Having publicly renounced his role in helping flood the Internet with millions of unsolicited commercial e-mail messages, spam king Sanford Wallace has teamed up with former nemesis, lawyer Pete Wellborn, as an expert consultant and possible witness in two anti-spam suits.
“Spammers will call me a traitor. I'm just being the entrepreneur that I've always been,” said Wallace, who is charging Wellborn $200 an hour for his consulting work.
Wellborn, of Hunton & Williams, Atlanta, negotiated a settlement for Internet service provider Earthlink, which resulted in a $2 million judgment against Wallace's company, Cyber Promotions, Philadelphia.
If nothing else, Wallace offers an insider's knowledge of the spam industry. There are estimates that Cyber Promotions was responsible for as much as a third of all unsolicited e-mail.
Wallace's past has some people wondering whether he's truly changed.
“If he really means what he says, that's good news because it sends a message to the other big spammers,” said Regina Brady, leader of interactive services at Axciom/Direct Media, Greenwich, CT. “It says, 'What I was doing was totally unethical,' but I wonder if he's truly converted.”
No one, however, doubts Wallace's spam savvy.
“Wallace is an asset in any case in which he is hired to find and prosecute a spammer,” Wellborn said. “If it is good for my clients and bad for spam, I am all for it.”

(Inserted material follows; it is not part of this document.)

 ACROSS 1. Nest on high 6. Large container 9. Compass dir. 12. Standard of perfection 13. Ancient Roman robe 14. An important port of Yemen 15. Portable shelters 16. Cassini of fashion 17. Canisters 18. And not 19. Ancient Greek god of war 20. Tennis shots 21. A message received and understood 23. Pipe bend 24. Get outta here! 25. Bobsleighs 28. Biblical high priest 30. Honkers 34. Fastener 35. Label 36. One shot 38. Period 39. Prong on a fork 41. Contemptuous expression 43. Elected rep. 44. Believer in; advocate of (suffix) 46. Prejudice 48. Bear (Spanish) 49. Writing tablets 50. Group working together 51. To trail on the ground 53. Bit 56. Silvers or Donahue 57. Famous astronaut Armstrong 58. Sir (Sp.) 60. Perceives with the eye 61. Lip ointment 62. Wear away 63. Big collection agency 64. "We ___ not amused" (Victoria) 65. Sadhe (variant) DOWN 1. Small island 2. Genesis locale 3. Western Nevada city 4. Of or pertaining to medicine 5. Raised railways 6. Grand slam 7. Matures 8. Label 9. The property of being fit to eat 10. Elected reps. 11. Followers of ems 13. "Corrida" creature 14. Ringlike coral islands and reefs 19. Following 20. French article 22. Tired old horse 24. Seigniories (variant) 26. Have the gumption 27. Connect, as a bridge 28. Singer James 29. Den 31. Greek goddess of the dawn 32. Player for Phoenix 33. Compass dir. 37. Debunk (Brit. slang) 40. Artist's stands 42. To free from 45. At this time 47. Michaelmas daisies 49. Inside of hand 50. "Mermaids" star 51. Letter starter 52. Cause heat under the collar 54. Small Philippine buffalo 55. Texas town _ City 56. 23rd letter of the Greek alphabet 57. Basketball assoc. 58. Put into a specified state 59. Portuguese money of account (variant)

Sooner or later, Wallace's new incarnation as an aid to the prosecution is likely to pit him against former customers.
“The reason I received such a bad rap was that I allowed customers to do essentially whatever they wanted,” he said. “Some old customer are not going to like what I'm doing, but I'm the one who had to foot a $500,000 bill because of their actions.”

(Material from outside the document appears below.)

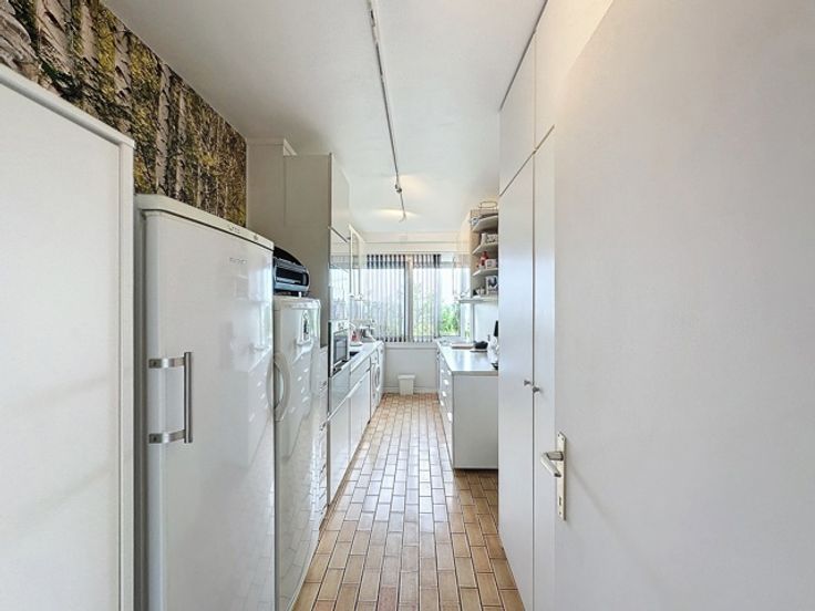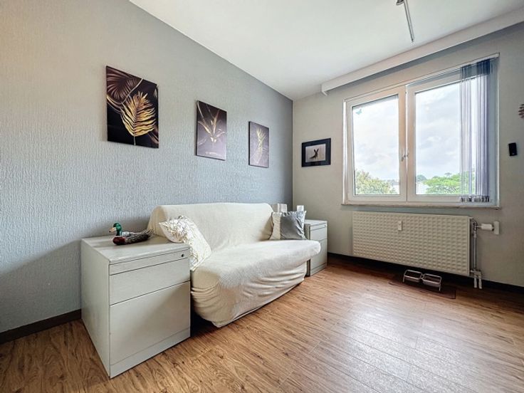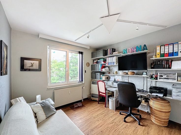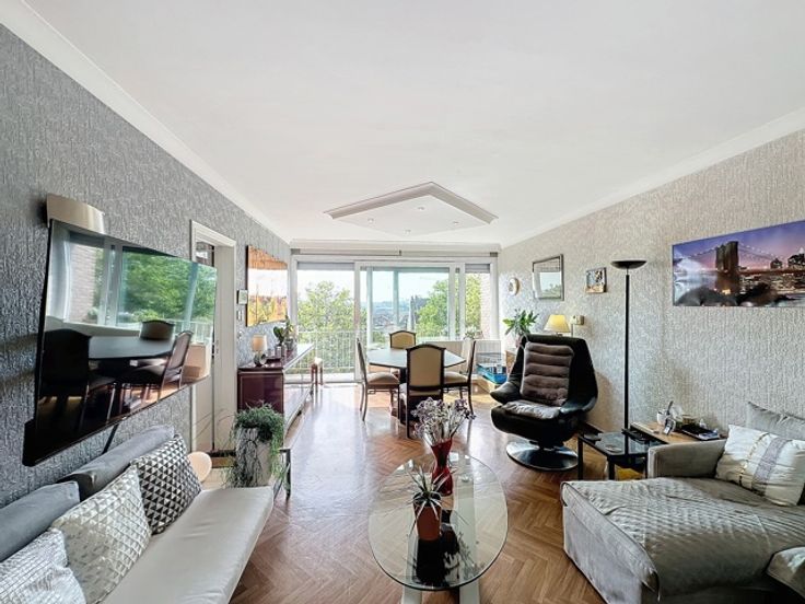A quelques pas des commerces, à proximité des transports en commun (ligne de tram 82 direction Gare du Midi et Uccle), vous trouverez un appartement tout à fait particulier de par sa vue imprenable sans aucun vis-à-vis, niché au-dessus de tout, au 6e étage d'une petite copropriété de 13 appartements. En entrant à votre gauche, une belle cuisine super-équipée avec deux accès, puis un superbe séjour donnant sur le balcon équipé d'une banne solaire, deux belles chambres de 14 et 10 m² donnant sur un deuxième balcon, un wc séparé et une salle de bain avec baignoire/douche. L'air conditionné et un insert à bois vous permettent une très faible consommation en termes de charges mensuelles. Une cave de stockage vient compléter l'ensemble. Possibilité d'acheter un garage fermé avec l'appartement en supplément pour 35 000 euros.

Wallace said he isn't as bent on putting a lid on unsolicited commercial e-mail as he is at stopping unscrupulous practices often associated with spam, such as forging return addresses.
“That's the kind of stuff that has to stop because then legitimate marketers will be able to go out without being labeled spammers,” Wallace said.
The plaintiffs in Wallace's first two cases are European free e-mail service provider Bibliotech Ltd. and Continental Investment Corp., Dallas.